Nothing but the lines from the one containing "利用者さんが1分間でスピーチを行っていただく【朝礼発表】です。" through the one containing "Display holiday treats", both included, should be given again, each exactly as written below.

### Data
====================

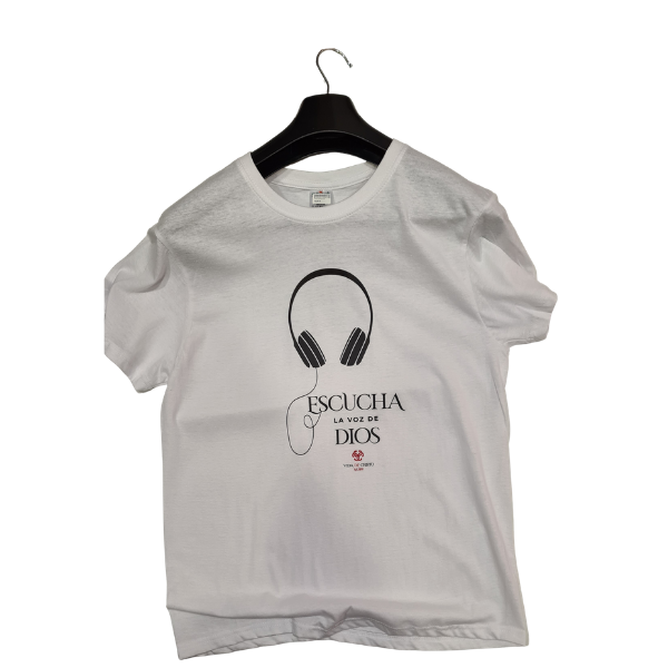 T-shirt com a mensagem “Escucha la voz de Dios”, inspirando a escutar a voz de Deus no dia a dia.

====================

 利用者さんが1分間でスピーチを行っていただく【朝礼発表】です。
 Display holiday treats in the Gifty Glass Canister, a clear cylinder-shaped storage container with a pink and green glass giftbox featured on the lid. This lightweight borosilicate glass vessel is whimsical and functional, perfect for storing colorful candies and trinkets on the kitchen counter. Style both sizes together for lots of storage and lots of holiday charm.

====================

### Output below
 利用者さんが1分間でスピーチを行っていただく【朝礼発表】です。
 Display holiday treats in the Gifty Glass Canister, a clear cylinder-shaped storage container with a pink and green glass giftbox featured on the lid. This lightweight borosilicate glass vessel is whimsical and functional, perfect for storing colorful candies and trinkets on the kitchen counter. Style both sizes together for lots of storage and lots of holiday charm.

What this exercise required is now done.